Пленного увели в штаб полка, мы разошлись по огневым точкам и приготовились к отражению атаки. Ровно в 10.00 враг начал артиллерийскую подготовку. Она велась с какой-то особенной силой. Воспользовавшись сильным огнем своей артиллерии, вражеская пехота подползла к нашим траншеям на расстояние трехсот метров. Разрывные пули немецких автоматов врезались в бруствер наших траншей и рвались, осыпая нас мелкими осколками.

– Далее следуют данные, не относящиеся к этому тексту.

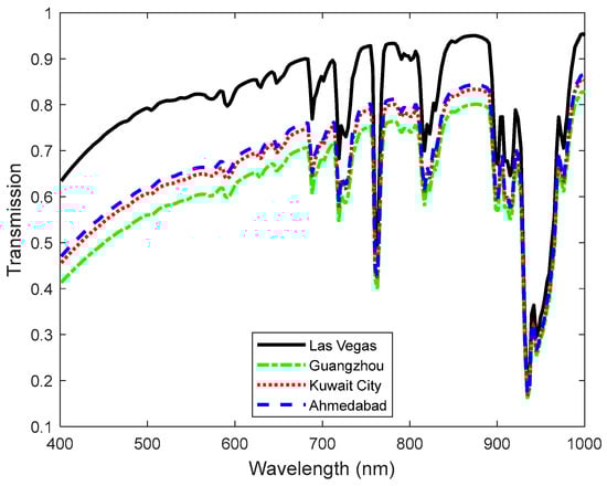Atmospheric correction to ground-leaving radiance is calculated by dividing top-of-atmosphere (TOA) spectral radiance by ground-to-space atmospheric transmission. The MODTRAN 6 radiative transport code [32] was used to calculate ground-to-space atmospheric transmission based on a mid-latitude summer atmosphere with visibility adjusted to match aerosol optical depths (AODs) as measured that day by VIIRS [33] for Las Vegas (AOD 0.07, visibility 141 km), Guangzhou (AOD 0.38, visibility 19 km), Kuwait City (AOD 0.32, visibility 24 km), and Ahmedabad (AOD 0.29, visibility 26 km). Atmospheric transmission over the 400–1000 nm spectral range using a nominal 3 nm Gaussian FWHM to approximate DESIS’s spectral resolution was calculated (Figure 5) and evaluated at the DESIS band center wavelengths.

Здесь впервые я наблюдал то устрашающее действие, которое оказывали разрывные пули на многих бойцов. Орлов долго обшаривал свои карманы, сумку – что-то искал. Потом он подбежал к красноармейцу Изотову и попросил его дать ручную гранату. Изотов посмотрел на него и покачал головой, но Орлов настойчиво просил:
– Дай мне только одну гранату, больше не надо!
– Нет, оружие – это не закрутка табаку. Ищи в нишах.

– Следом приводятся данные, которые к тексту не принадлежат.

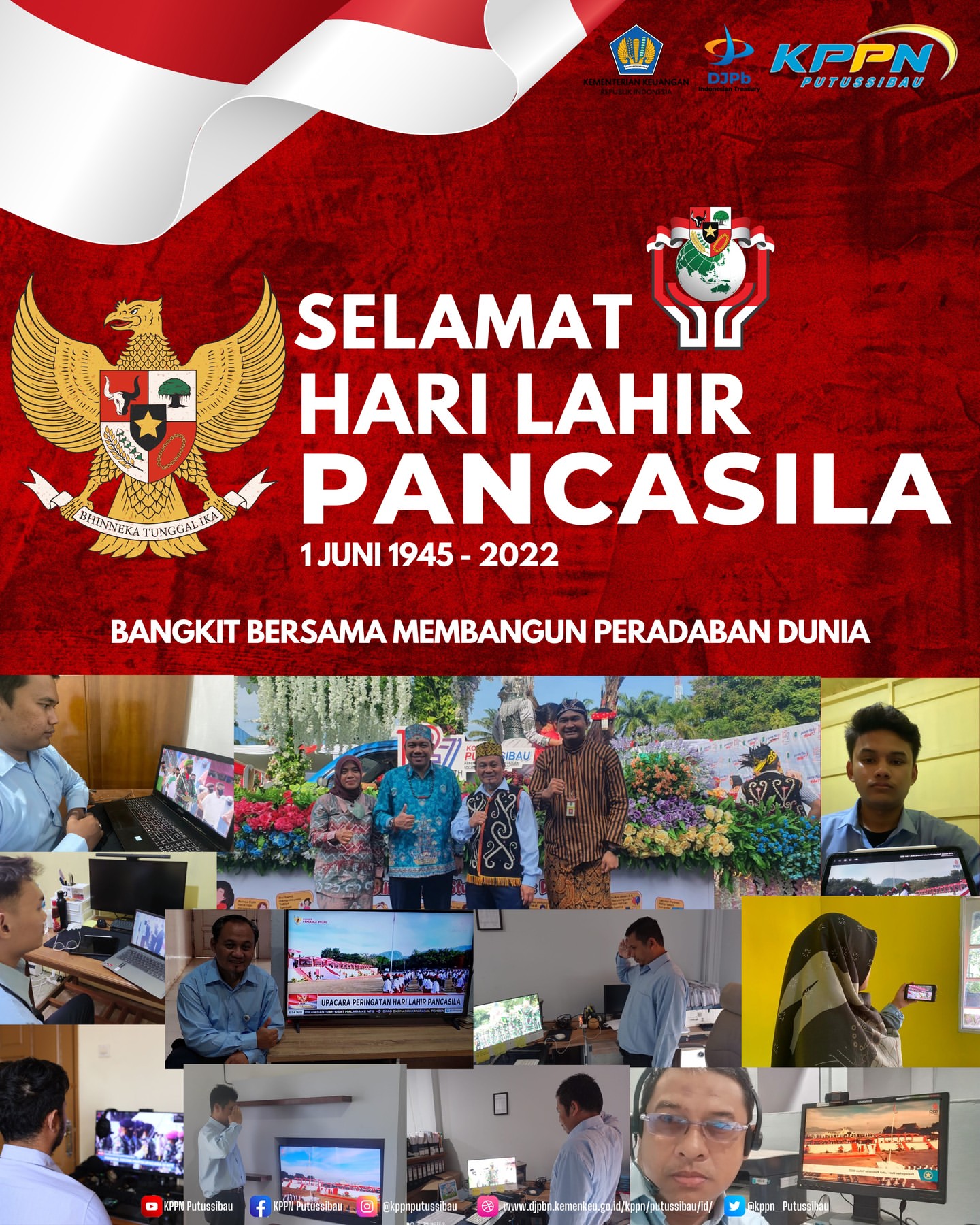 Dengan nilai - nilai Pancasila mari kita bersama memberikan yang terbaik untuk negara ini. KPPN Putussibau mengucapkan Selamat hari lahir Pancasila 1 Juni 2022. Bangkit Bersama Membangun Peradaban Dunia.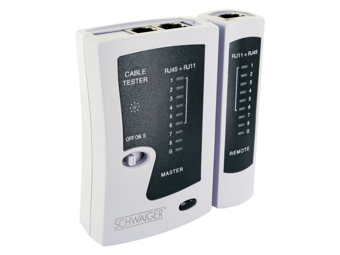 Mit diesem Schwaiger Netzwerkkabeltester ist es möglich, ein Netzwerk- oder ISDN-Kabel auf dessen Funktionsfähigkeit zu prüfen. Der Tester besteht aus einer Master- und einer Remoteeinheit mit je einer RJ45- und einer RJ11- Buchse. Das Gerät kann sowohl Kabel als auch bereits verlegte Kabelstrecken schnell und zuverlässig prüfen. Der Netzwerktester gibt Ihnen somit die Möglichkeit, auf einfache Weise die PIN-Belegung eines RJ45- oder RJ11-Kabels zu testen.

Орлов подошел к командиру взвода Викторову и опять попросил гранату. Викторов удивленно посмотрел на растерянное лицо красноармейца:
– Ты что, рехнулся? Да у тебя их пять штук болтается на ремне!
Орлов опустил руку на гранаты и облегченно вздохнул. Да, растерялся товарищ! Однако он тут же отстегнул «лимонку»
[16] и, прижавшись к стенке траншеи, приготовился к бою.
К исходу третьего дня непрерывного боя противнику удалось оттеснить наши войска к городу Ропше. Завязались уличные бои. С наступлением ночи наш сильно поредевший 105-й стрелковый полк был выведен с передовых позиций на отдых и пополнение. Мы шли через Ропшу. Город был неузнаваем: улицы завалены кирпичом, обгорелые трубы возвышались над пепелищами сожженных домов, вокруг бродили исхудавшие собаки. Поломанные осколками бомб и снарядов сучья тополей и лип качались на ветру. Город опустел, мирные жители ушли в Ленинград.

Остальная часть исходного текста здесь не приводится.